Initialement prévue pour Jack Nitzsche, avec lequel John Carpenter avait travaillé précédemment sur « Starman » (1984), la musique de « Memoirs of an Invisible Man » sera finalement confiée à la compositrice Shirley Walker (Carpenter n’ayant pas le temps d’écrire lui-même le score), qui, en 1992, fut l’une des premières femmes à travailler sur la musique d’un gros blockbuster hollywoodien (on raconte que des personnes de l’équipe du film, curieuses d’apprendre qu’une femme travaillait sur la musique d’une grosse production U.S., venaient la voir régulièrement dans son studio !). Rappelons que Walker s’était fait connaître à la fin des années 70 en interprétant les parties de clavier sur « Appocalypse Now » de Carmine Coppola (1979) et en orchestrant des musiques de Danny Elfman (« Batman », « Dick Tracy », « Darkman », « Nightbreed »), d’Hans Zimmer (« Black Rain », « Backdraft », « Days of Thunder », « Bird on a Wire », « Pacific Heights », etc.) et d’autres compositeurs, sans oublier quelques co-compositions dans les années 80 (« Ghoulies », « Ragewar », etc.) et une première musique de film en solo, « Chicago Joe and the Showgirl » en 1990, qui fut finalement créditée au nom d’Hans Zimmer pour des questions contractuelles. C’est d’ailleurs grâce à Chevy Chase, acteur et producteur sur le film, que Shirley Walker fut recommandée à Carpenter pour écrire la musique de son film. « Memoirs of an Invisible Man » est d’ailleurs l’un des rares films de Carpenter à ne pas avoir été mis en musique par le réalisateur lui-même (c’est aussi le cas pour « Starman », « The Thing » ou le récent « The Ward » !). A la première écoute du score dans le film, on remarque la réelle passion de Shirley Walker pour la musique symphonique hollywoodienne d’antan, avec des orchestrations élégantes et robustes, y compris dans les morceaux d’action musclés du score (une constante, chez la compositrice !), sans oublier quelques thèmes mémorables et réussis et une écriture orchestrale riche et soutenue.

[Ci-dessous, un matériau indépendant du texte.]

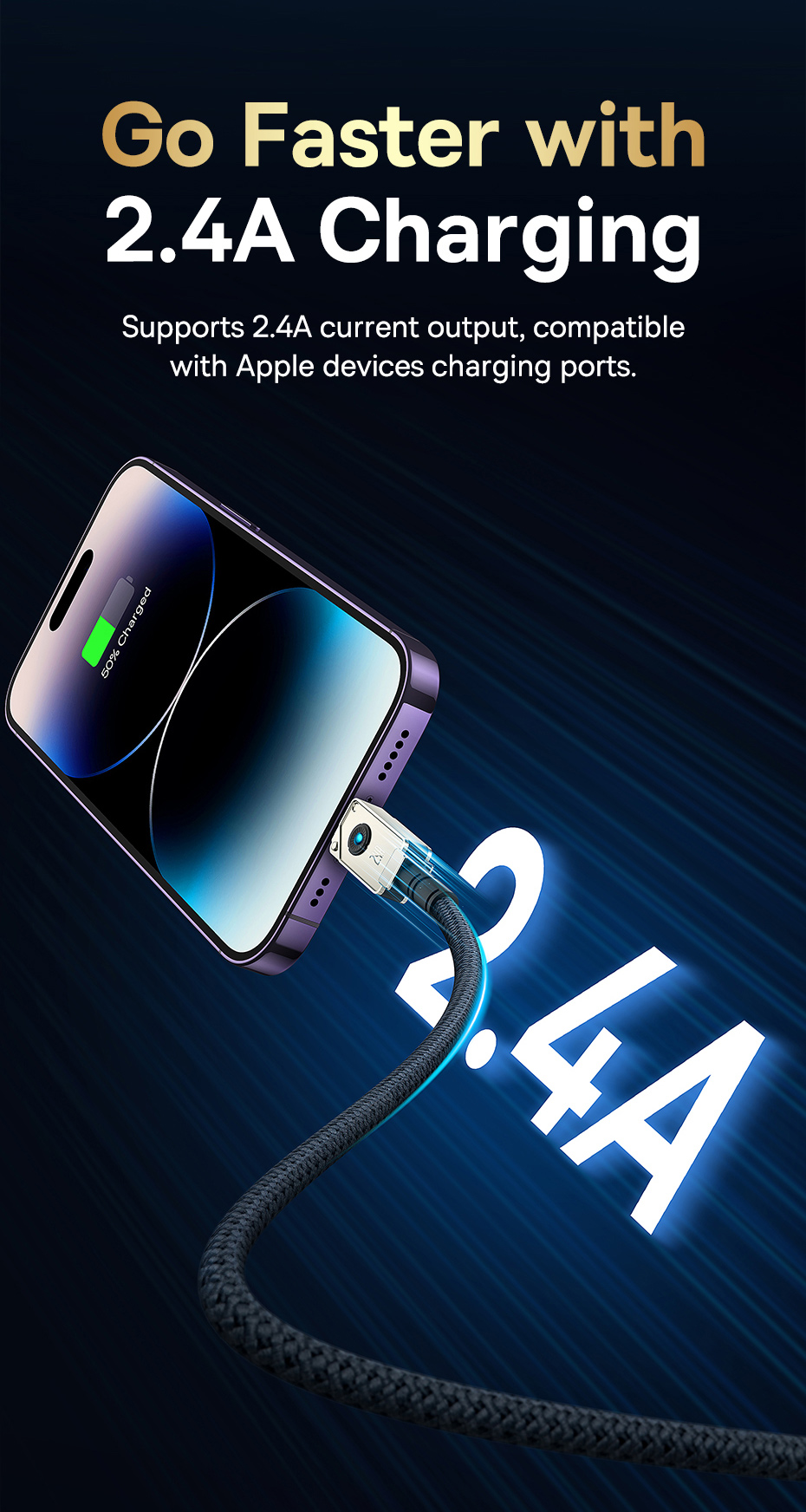 Với công nghệ sạc nhanh, cáp Sạc Nhanh USB to iP Baseus Unbreakable Series cho phép bạn sạc nhanh và tiết kiệm thời gian. Nó hỗ trợ dòng điện đầu vào lên đến 2.4A, giúp cung cấp năng lượng nhanh chóng cho thiết bị di động của bạn.

Une première écoute attentive de la musique de « Memoirs of an Invisible Man » nous permet rapidement de retrouver les principales caractéristiques du style musical de Shirley Walker : mélodies entêtantes et bien troussées, orchestrations très riches, écriture symphonique élaborée, morceaux d’action trépidants, tout ce qui fait le charme des musiques de Walker se trouve ici parfaitement résumé dans un score énergique et dynamique assez réjouissant. L’album débute avec le superbe « Theme Medley » qui propose une suite des différents thèmes du score. On commence avec le Main Theme, associé dans le film à Nick Halloway. Le thème d’Halloway (reconnaissable aux trompettes à 0:14) évoque l’aspect fantastique du film avec un ton d’aventure et de mystère assez appréciable. Vient ensuite le Love Theme, pour la romance entre Nick et Alice dans le film. Le thème romantique est entendu aux cordes à partir de 0:33 et se distingue par son classicisme d’écriture élégant et raffiné typique de la compositrice. Vient ensuite le troisième thème, mélodie menaçante associée à Jenkins et ses agents de la CIA dans le film. Le thème de Jenkins est confié aux cuivres vers 2:08, avec un contrepoint bouillonnant de trois notes répétées de trompettes sur fond de cordes survoltées. Le « Jenkins’ Theme » est encore plus reconnaissable à partir de 2:47 aux cordes/trompettes, avec ses notes ascendantes traduisant la détermination inquiétante et l’obsession brutale de Jenkins à atteindre son objectif par n’importe quel moyen. A noter aussi l’introduction d’un autre élément-clé du score : un motif de trois notes descendantes assez mystérieuses, évoquant l’invisibilité extraordinaire d’Halloway dans le film (aux cuivres à 1:44). Grâce à ces trois thèmes de très bonne facture, Shirley Walker élabore une partition riche et colorée pour le film de John Carpenter, ponctuée de quelques influences évidentes (John Williams notamment dans le « Theme Medley », et un peu de Jerry Goldsmith dans certains morceaux).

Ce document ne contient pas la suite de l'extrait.